Greetings from Rome!
I am here at Transform 2013, an outreach program of OM. At the airport while waiting for the bus to the conference, I stopped at a coffee shop for an after-lunch espresso, as is my habit. Next to me at the coffee bar was a friendly woman. She smiled and spoke to me in English. It turned out that she was also headed to Transform. We hit it off in an instant friendship. But Monica and I had no idea at the time just how compatible we were.
Transform in Rome is to prepare missionaries for short-term missions in the countries around the Mediterranean. “Where are you going after the conference?” Monica asked me. This would become one of the 2 most common questions to strike up conversation at the conference. The other being, “Where did you come from?” I told her that I’m from Texas, living in Milan, Italy, and going to Malta after the conference. Her smile widened and she said, “Me too!” Both our jaws dropped open. Right on cue, the bus arrived and took us to the conference. Monica and I rode together, each glad to have found a traveling companion.
When I arrived in Rome, I was already going on 2 nights in a row of only 4 hours sleep. Monday night (or technically, Tuesday morning) I awoke at 2AM with a migraine attack beginning. The enemy frequently tries to prevent me from going or from being effective on missions trips by attacking me with migraines. But the Lord said to get on my feet and fight. So I stood there in the dark room, rebuking the enemy silently so as not to awake my 3 roommates. The migraine immediately went away and I was able to get back to sleep, but had a 3rd night of only about 4 hours sleep. Something would have to break. The next night (yesterday morning) I woke up again at 2 and simply couldn’t get back to sleep. It wasn’t that my mind was busy, I just laid there feeling my breath going in and out, and not sleeping. About 11 that morning, I was considering going to the room to see if I could sleep through lunch.
But my morning prayer partner suggested that I pray with someone who knows about generational curses. She suggested this because I had opened up and told her about my concerns for my son, who had written on Facebook that he hadn’t been happy in a year, and had asked the question, “Why should I go on living?” I noted that it was about a year ago that his grandfather (my former father-in-law) had committed suicide. The person she led me to was Monica.
I told Monica about my son and father-in-law, and also that 4 months later, I also lost a close family friend to suicide. She said that there is a spirit of suicide and a spirit of death that are generational spirits. That means that they tend to cling to a person’s family, encouraging death among family members. I had already broken other such curses off my family, but not specifically suicide or death. I told her that in the last year that I lived with my husband, I suffered thoughts of suicide all day long, day-in and day-out. And that finally, when I left him, I was literally running for my life—not because of physical danger from him, but because of the danger that I might, in a moment of weakness, act upon those thoughts because of how intolerable life had become for me. One day I did come close, but instead called 911 and was referred to the County Mental Health Clinic, where I was given a prescription for an anti-depressant.

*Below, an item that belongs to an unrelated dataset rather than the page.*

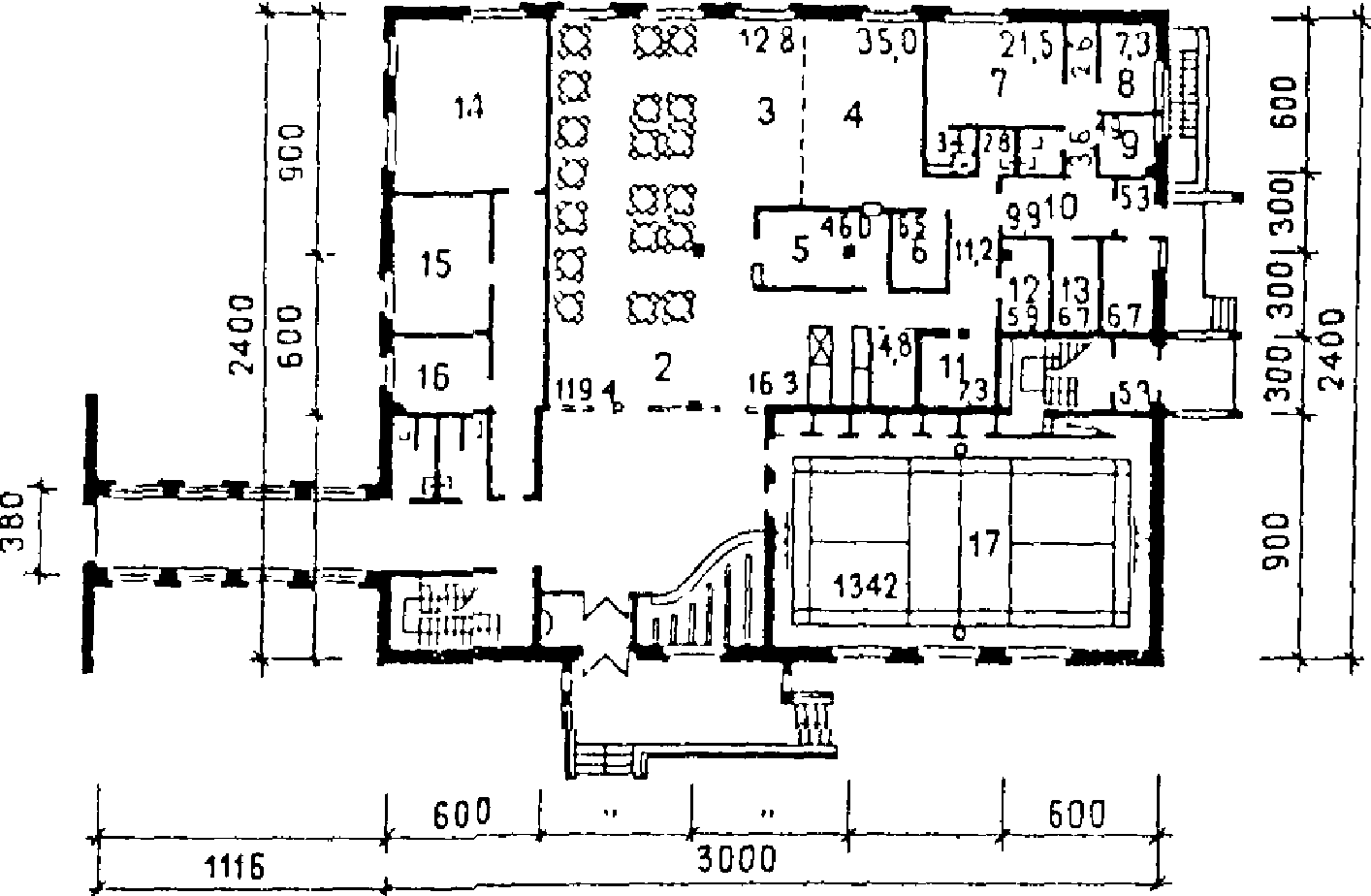 2 - рабочая кухня с котлом отопления 13 м2; 3 - продуктовая

Monica took me to her room, laid hands on me and prayed for me, breaking the spirit of suicide and death. She prayed for the healing of my memories and other things that I don’t remember. What I do remember is that her hands smelled very nice and felt soothing on my skin. When I commented on the fragrance of her hands she showed me a little vial of Frankincense. It has a lovely smell! It’s really very soothing.
After Monica’s prayer, I felt my energy return. I did take a nap, but not until after lunch, and only for about 45 minutes. Last night I slept very well, getting about 8 hours—6 in a row!—thank You, Lord!

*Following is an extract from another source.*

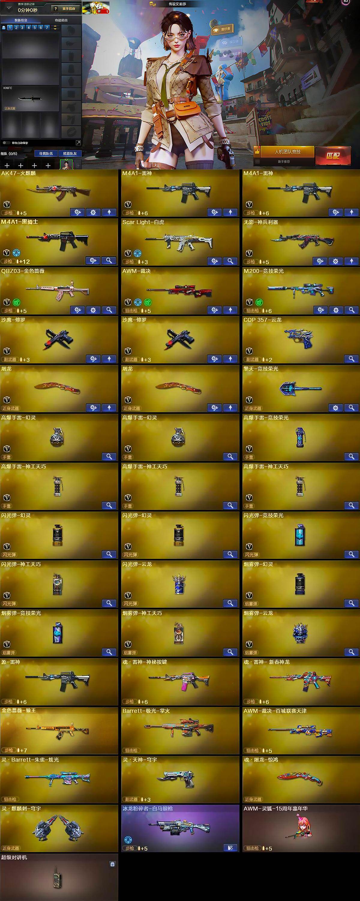 【英雄级武器】:AK47-火麒麟,M4A1-雷神*2,M4A1-黑骑士,Scar Light-白虎,无影-神兵利器,QBZ03-金色蔷薇,AWM-裁决,M200-竞技荣光,沙鹰-修罗*2,COP 357-云龙,屠龙*2,擎天-竞技荣光,高爆手雷-幻灵*2,高爆手雷-竞技荣光,高爆手雷-神工天巧*3,闪光弹-幻灵*2,闪光弹-竞技荣光,闪光弹-神工天巧,闪光弹-云龙,烟雾弹-幻灵,烟雾弹-竞技荣光,烟雾弹-神工天巧,烟雾弹-云龙

Today almost everyone has gone into the city of Rome on outreach, taking many paperback Gospels of John in Italian, 3000 dvd’s of the Jesus film to give away, and thousands of tracts to hand out. I decided to stay behind, knowing that without a nap, I could never last a whole day into the evening, walking around Rome. On Fridays I pray for Italy from 3-4 in the afternoon. So I went to the prayer room, with their big floor map of the Mediterranean countries. I knelt down on Italy and prayed and wept over it. Then I stretched out over Italy, my heart right over Tuscany. For a long time I had no words to pray, just mute longing for the salvation of the people of Italy, and my heart beating over Tuscany.
Then I lifted up my head and saw the words printed on the corner of the map: “Ask Me, and I will make the nations your inheritance, the ends of the earth your possession,” (Psalm 2:8). It was 3 years ago, just before I went to Transform 2010, that I received a prophecy, saying (in part): “You will not just receive the blessing, but the whole inheritance.” So I stood to my feet and began to ask for the nations as my inheritance, and to claim the whole inheritance. As brokenhearted as I had earlier felt for Italy, I began to feel confident that God will indeed bless and save the people of Italy—no matter what their background.
Then I remembered a prophecy I received a few days ago, but read this morning: “When your faith is in what you want Me to do for you instead just wanting Me, it is misplaced,” (emphasis mine). Yes, my faith is in God Almighty, and He alone is the hope for Italy. God, who helped me yesterday when I was in trouble, can help Italy, too! God is good!